▶ Task objective
Omit the pictures and retype only the lines from the one containing "Artemy Lebedev on" through the end of the listing, both ends included.

▶ Data for this task
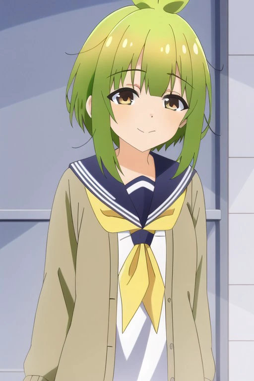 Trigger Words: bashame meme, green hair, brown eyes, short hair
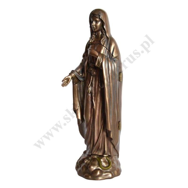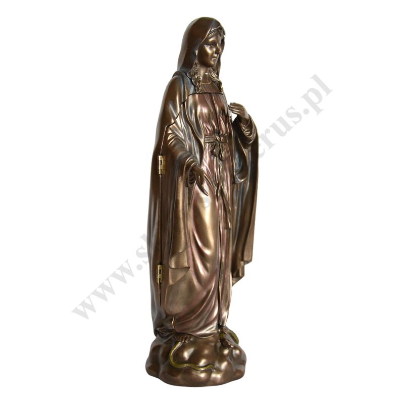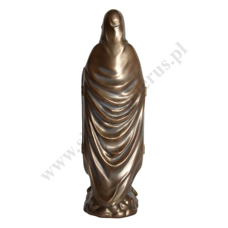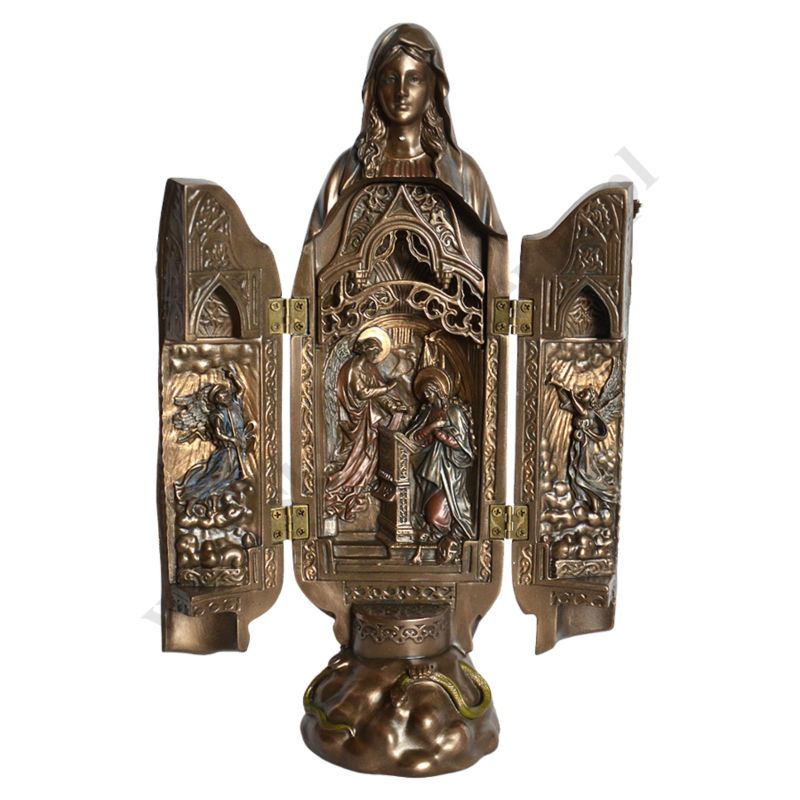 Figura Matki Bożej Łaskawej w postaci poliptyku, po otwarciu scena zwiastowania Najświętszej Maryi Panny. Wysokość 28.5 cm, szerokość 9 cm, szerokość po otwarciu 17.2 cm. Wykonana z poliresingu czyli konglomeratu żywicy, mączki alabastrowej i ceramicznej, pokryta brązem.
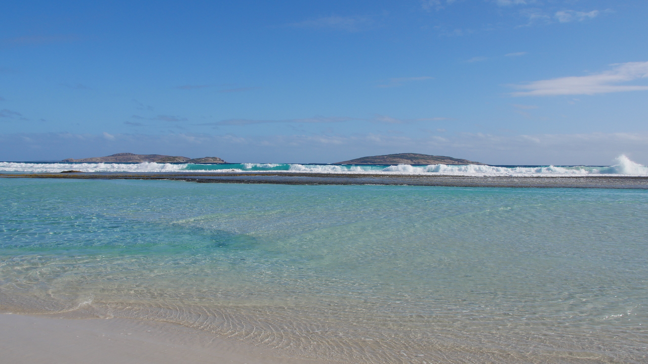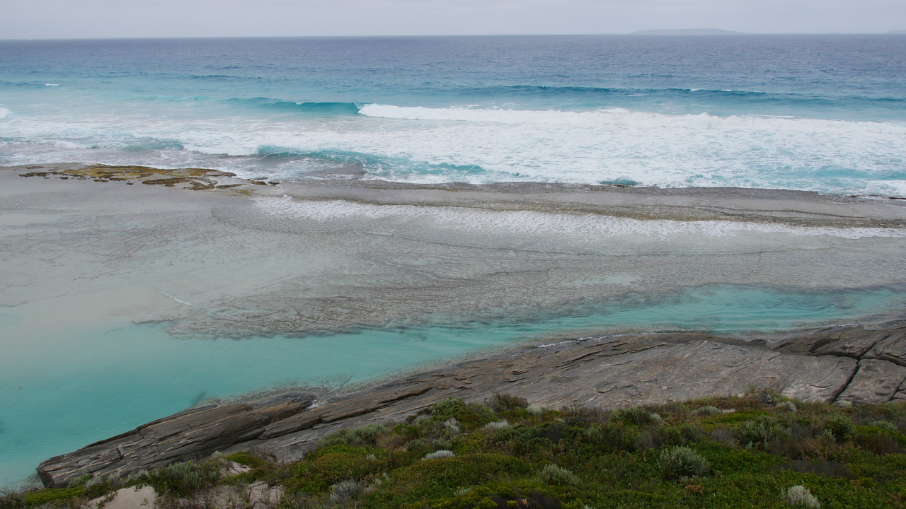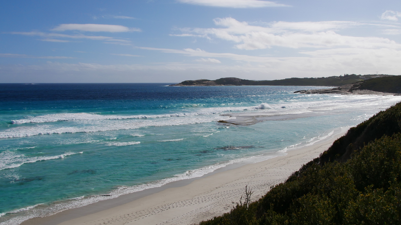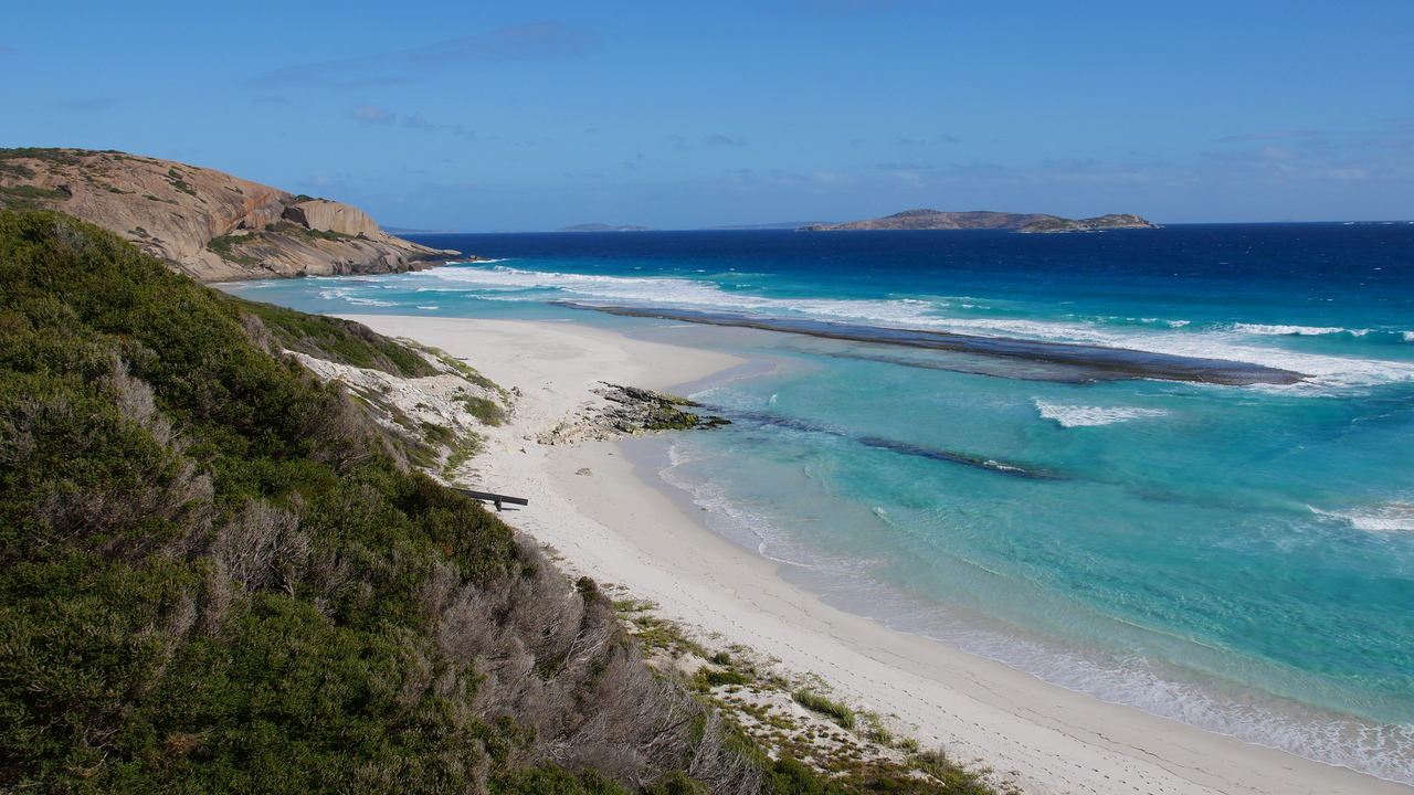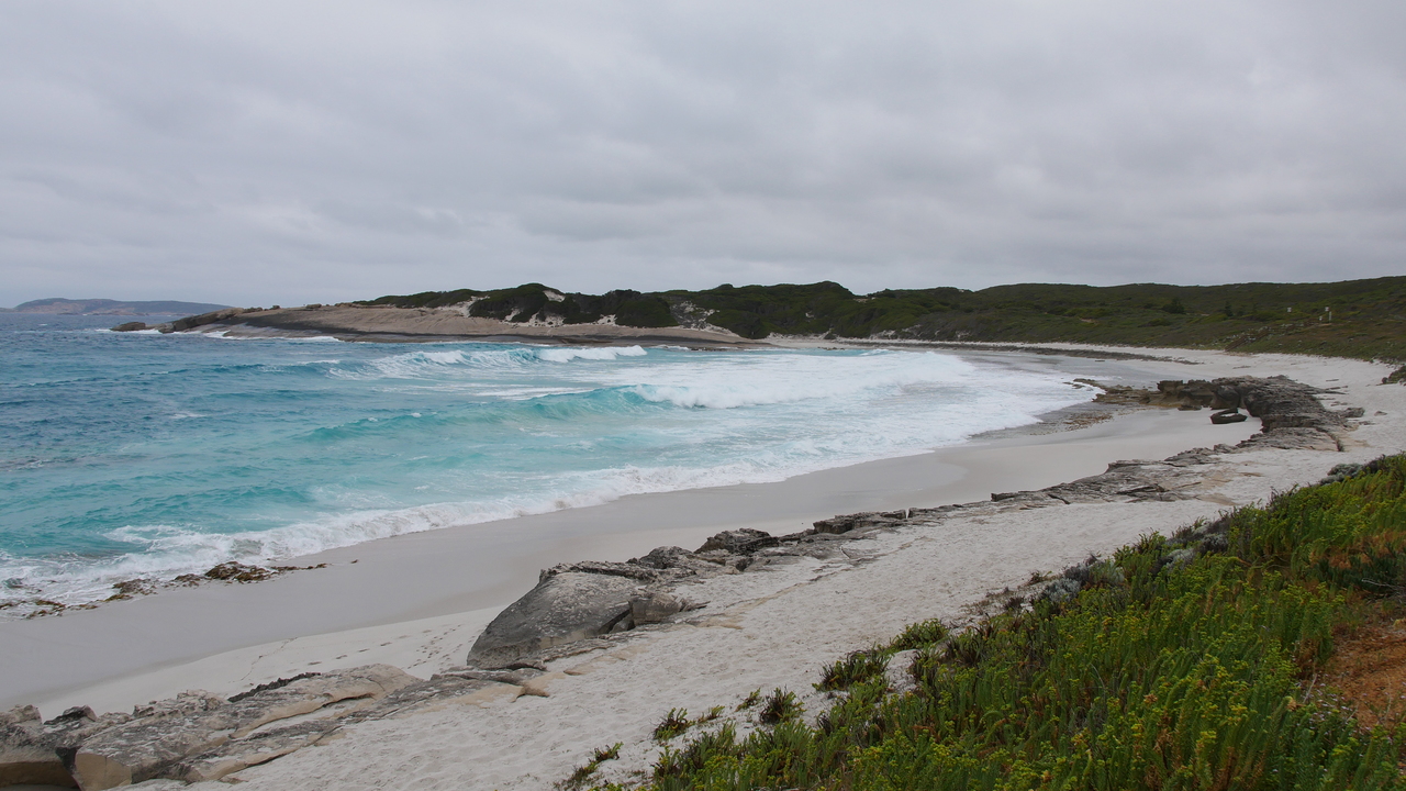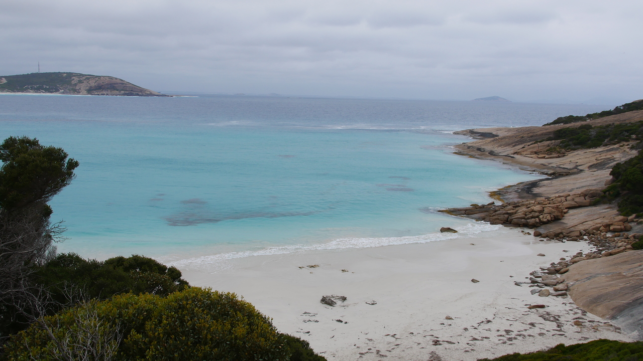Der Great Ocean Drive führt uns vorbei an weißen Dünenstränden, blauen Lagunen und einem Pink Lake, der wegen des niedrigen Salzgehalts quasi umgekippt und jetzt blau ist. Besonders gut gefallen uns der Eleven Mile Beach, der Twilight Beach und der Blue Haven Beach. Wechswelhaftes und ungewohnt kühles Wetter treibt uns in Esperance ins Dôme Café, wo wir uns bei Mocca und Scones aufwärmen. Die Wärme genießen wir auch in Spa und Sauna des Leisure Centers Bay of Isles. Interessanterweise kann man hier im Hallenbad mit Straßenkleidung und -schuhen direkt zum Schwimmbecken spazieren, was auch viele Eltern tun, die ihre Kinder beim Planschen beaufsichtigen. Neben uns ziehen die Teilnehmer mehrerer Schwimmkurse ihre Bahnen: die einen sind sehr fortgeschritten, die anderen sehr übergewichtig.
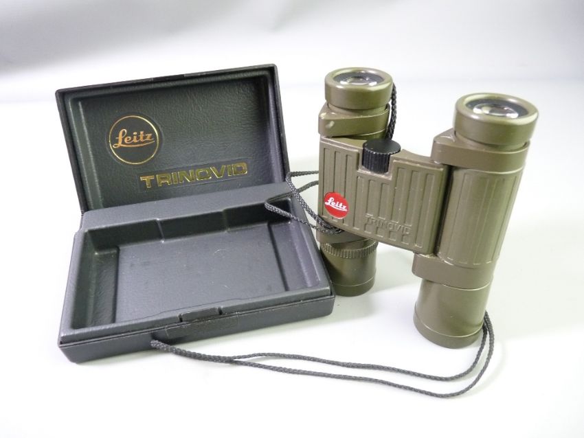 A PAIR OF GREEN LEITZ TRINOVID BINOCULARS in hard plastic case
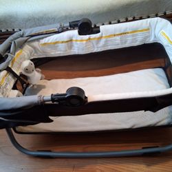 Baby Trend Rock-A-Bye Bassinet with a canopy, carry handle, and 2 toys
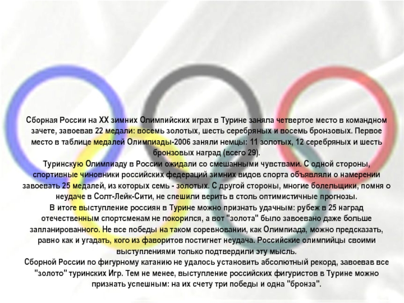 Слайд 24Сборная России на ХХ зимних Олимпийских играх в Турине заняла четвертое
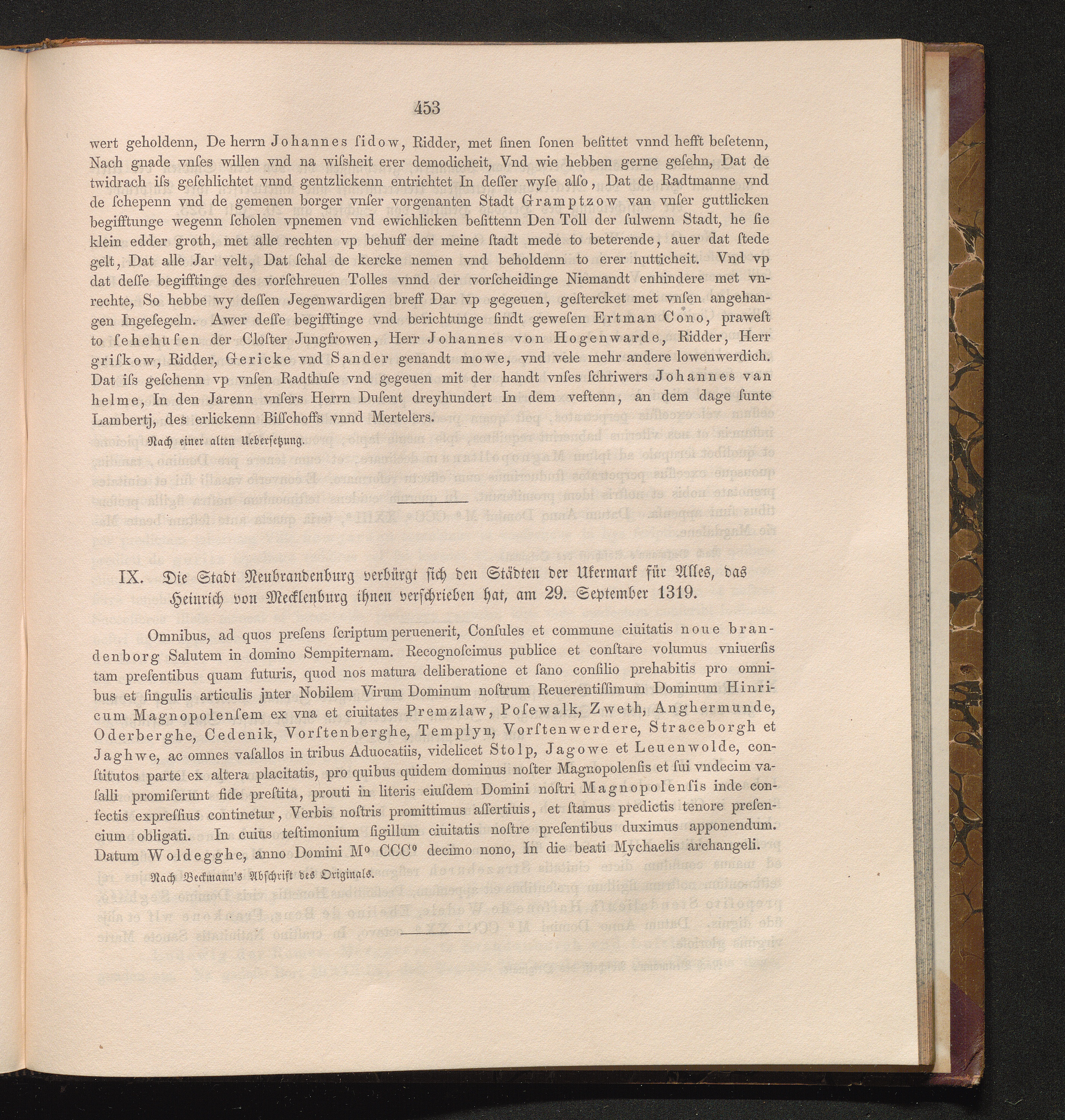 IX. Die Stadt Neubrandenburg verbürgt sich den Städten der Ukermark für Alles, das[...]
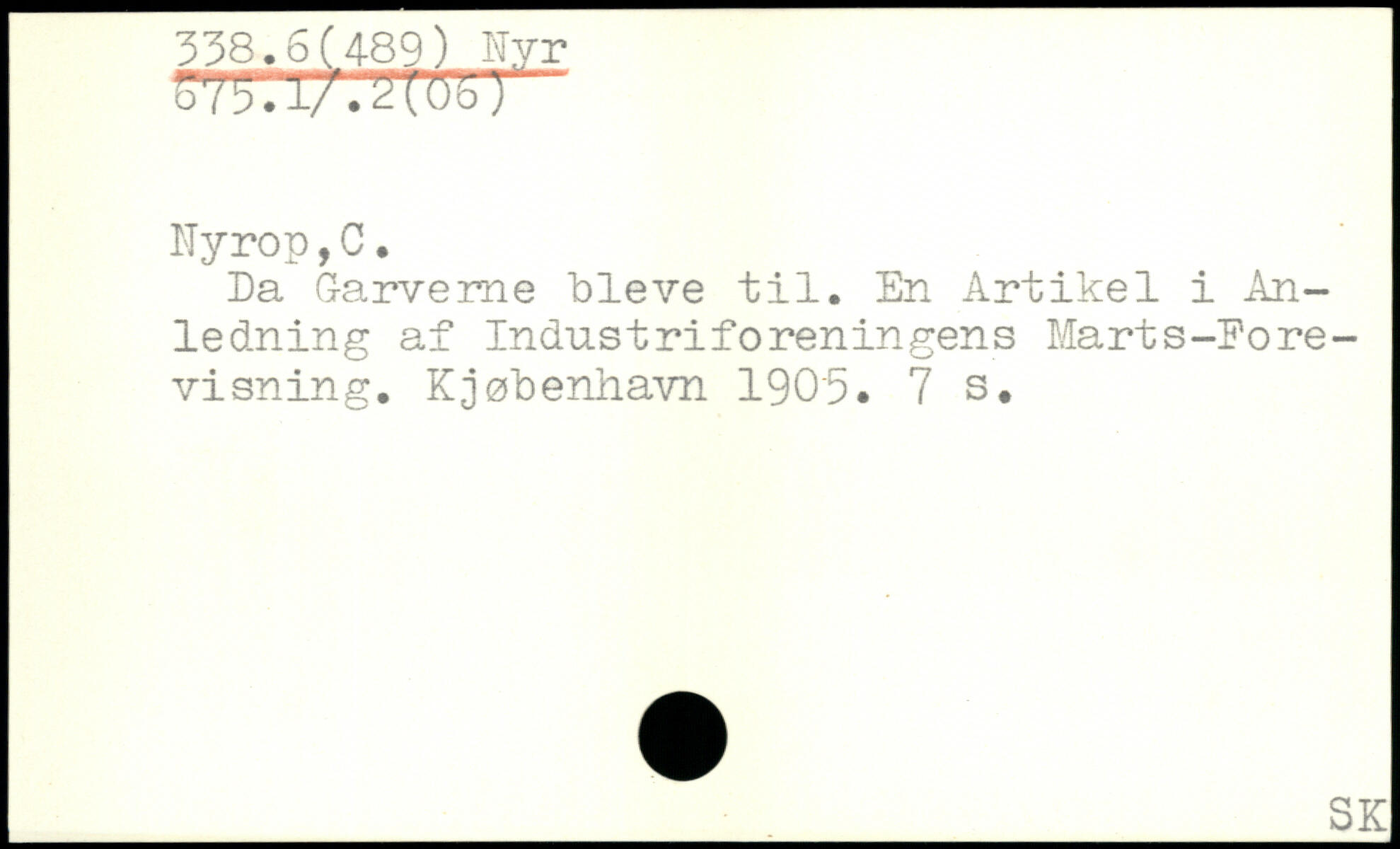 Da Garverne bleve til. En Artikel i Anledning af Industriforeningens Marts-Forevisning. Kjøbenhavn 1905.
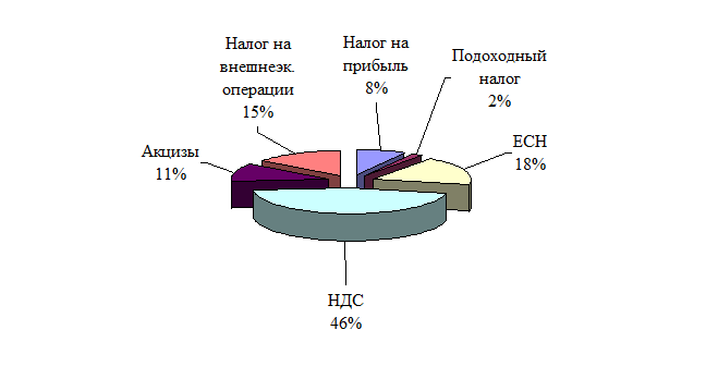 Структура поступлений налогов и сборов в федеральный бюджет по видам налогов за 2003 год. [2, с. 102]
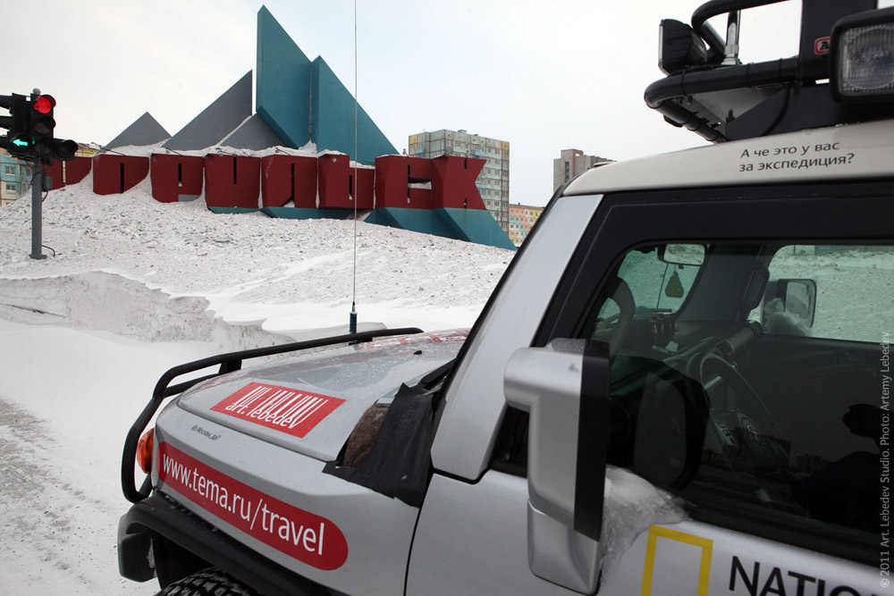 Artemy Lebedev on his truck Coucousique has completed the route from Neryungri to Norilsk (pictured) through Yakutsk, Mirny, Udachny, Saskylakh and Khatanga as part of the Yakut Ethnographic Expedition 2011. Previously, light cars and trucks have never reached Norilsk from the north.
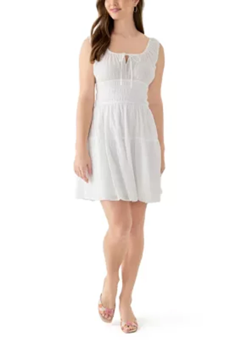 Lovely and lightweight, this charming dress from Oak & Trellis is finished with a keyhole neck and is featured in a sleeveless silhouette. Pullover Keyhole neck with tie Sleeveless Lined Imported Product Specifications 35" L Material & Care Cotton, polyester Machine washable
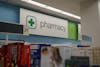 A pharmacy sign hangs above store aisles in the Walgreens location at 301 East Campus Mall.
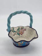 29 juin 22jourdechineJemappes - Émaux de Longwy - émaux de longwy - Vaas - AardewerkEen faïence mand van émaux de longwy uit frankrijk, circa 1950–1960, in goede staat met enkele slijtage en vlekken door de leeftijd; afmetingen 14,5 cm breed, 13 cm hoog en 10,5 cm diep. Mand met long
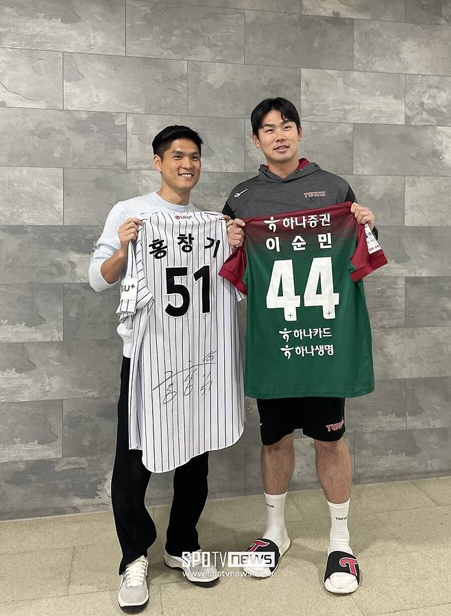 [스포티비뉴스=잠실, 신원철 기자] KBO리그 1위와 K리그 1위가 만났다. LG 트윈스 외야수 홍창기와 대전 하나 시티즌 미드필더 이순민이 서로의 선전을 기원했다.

▶ Answer to this exercise
 Artemy Lebedev on his truck Coucousique has completed the route from Neryungri to Norilsk (pictured) through Yakutsk, Mirny, Udachny, Saskylakh and Khatanga as part of the Yakut Ethnographic Expedition 2011. Previously, light cars and trucks have never reached Norilsk from the north.
 Lovely and lightweight, this charming dress from Oak & Trellis is finished with a keyhole neck and is featured in a sleeveless silhouette. Pullover Keyhole neck with tie Sleeveless Lined Imported Product Specifications 35" L Material & Care Cotton, polyester Machine washable
 A pharmacy sign hangs above store aisles in the Walgreens location at 301 East Campus Mall.
 29 juin 22jourdechineJemappes - Émaux de Longwy - émaux de longwy - Vaas - AardewerkEen faïence mand van émaux de longwy uit frankrijk, circa 1950–1960, in goede staat met enkele slijtage en vlekken door de leeftijd; afmetingen 14,5 cm breed, 13 cm hoog en 10,5 cm diep. Mand met long
 [스포티비뉴스=잠실, 신원철 기자] KBO리그 1위와 K리그 1위가 만났다. LG 트윈스 외야수 홍창기와 대전 하나 시티즌 미드필더 이순민이 서로의 선전을 기원했다.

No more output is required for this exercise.